Rust release built web executable when run standalone supports less number of requests

hi there,

I am fairly new to Rust and just started creating some Rust actix-web apps to compare with the Java Spring Boot app. My test is a CRUD operation against a Cassandra database.

At the moment, I am testing both apps locally on my Macbook Pro. For Spring boot app, it runs with the command "Java -jar the-java-app.jar". It can take 1000+ virtual users with no problem.

For the Rust app, I found something which is only unique to Rust. if I use cargo run to start the application, it works as expected, It will take 1000+ virtual users, and the performance is slightly better than Spring Boot, which is expected.

However, if I directly run the executable under the target/release folder to start the app, then the Rust app only can take about 200 virtual users. If I add more load, it'll start throwing the "connection reset by peer" error. I tried "cargo build --release" and with or without "--target x86_64-apple-darwin", the result is the same.

The reason this is a concern is that when I deploy the Rust app, I will start the Rust app with just the executable as many online posts suggested. A sample dockerfile is as the following:

FROM rust:1.63.0 as builder
WORKDIR /app
...
RUN cargo build --release --target x86_64-unknown-linux-gnu
FROM debian:bullseye-slim
COPY --from=builder /app/.../release/rustapp /usr/local/bin/rustapp
CMD ["rustapp"]

So, I have a few questions,
Will this container also have the limitation that I have observed from my local laptop? Is this a concern for running this in a container on Kubernetes? if so, what is the configuration to fix the issue?
Am I missing something on my local settings to run Rust standalone app? Is there a way to let the Rust app utilize more resources to support more loads like "cargo run" can do?

Thanks,

Which throws the error? Your web server or the application you're using to test?

the web server.

That's an indication the problem lies with the test application.

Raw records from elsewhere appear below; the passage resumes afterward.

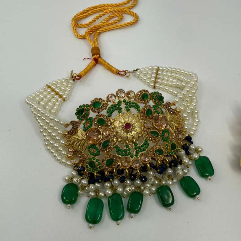 Indulge in elegance with our enchanting choker set, adorned with cascading emerald beads and delicate green moti embellishments - designed to grace the neckline with pearls that exude timeless charm and boasting with captivating emerald and champagne stones to radiate sophistication and allure with every sway.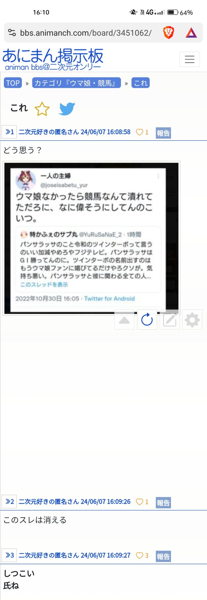 どうせま、また逆ギレして〇夢やらエロ画像スレ乱立か… - 21二次元好きの匿名さん24/06/07(金) 16:32:45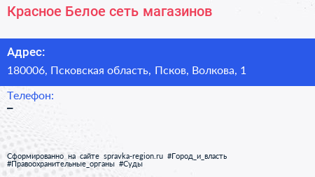 Красное & Белое, сеть магазинов по адресу 180006, Псковская область, Псков, Волкова, 1 в дальнейшем Организация, размещена в следующих категориях:
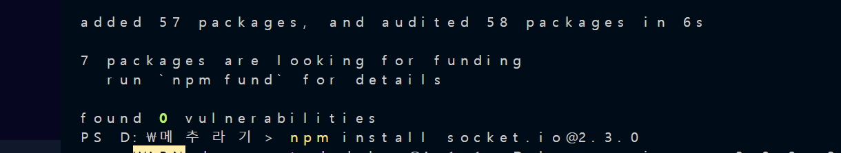 node js 에서도 socket io 모듈이라는 걸 다운로드할 겁니다.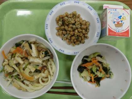 きつねうどん ・大豆の磯揚げ ・キャベツとわかめの梅和え ・牛乳です。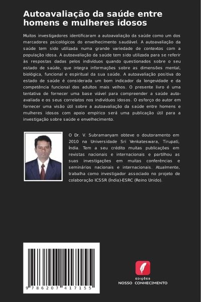 Muitos investigadores identificaram a autoavaliação da saúde como um dos marcadores psicológicos do envelhecimento saudável. A autoavaliação da saúde tem sido utilizada numa grande variedade de contextos com a população idosa. A autoavaliação da saúde tem sido utilizada para se referir às respostas dadas pelos indivíduos quando questionados sobre o seu estado de saúde, que integra informações sobre as dimensões mental, biológica, funcional e espiritual da sua saúde. A autoavaliação positiva do estado de saúde é considerada um bom indicador da longevidade e da competência funcional dos adultos mais velhos. O presente livro é uma tentativa de fornecer uma base viável para compreender a saúde auto-avaliada e os seus correlatos nos indivíduos idosos. O esforço do autor em fornecer uma visão útil sobre a autoavaliação da saúde entre homens e mulheres idosos com apoio empírico será uma publicação útil para a investigação sobre saúde e envelhecimento.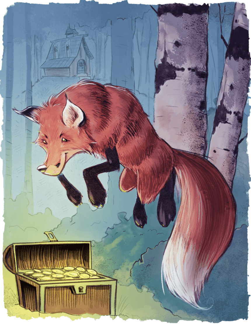 This fun drawing of a fox pouncing on hidden treasure started off as a traditional pencil sketch that got worked over quite a bit in Photoshop. Enjoy!

I wonder if this is caused by macos firewall rules.

I seem to recall getting a prompt to "Accept incoming connections for cargo?" when using cargo run... not entirely sure.
But this wouldn't explain why it accepts 200 connections, then cancels the remaining exception.

Thinking it might be macos handling the "constantly changing executable" in the build dir differently from the "cargo" parent executable of the working cargo run method.

Might be worth a try inside docker, to see how macos handles that?

danjl1100, yes, I just did a test to run it on my local docker as a ubuntu 20.04 container, and no 200 vu limitation there, and no problem supporting the higher load. I also deployed to a kubernetes cloud and no problem there either.

so the issue is only with the standalone compiled executable. it is acceptable as long as running in the container doesn't have the same limitation.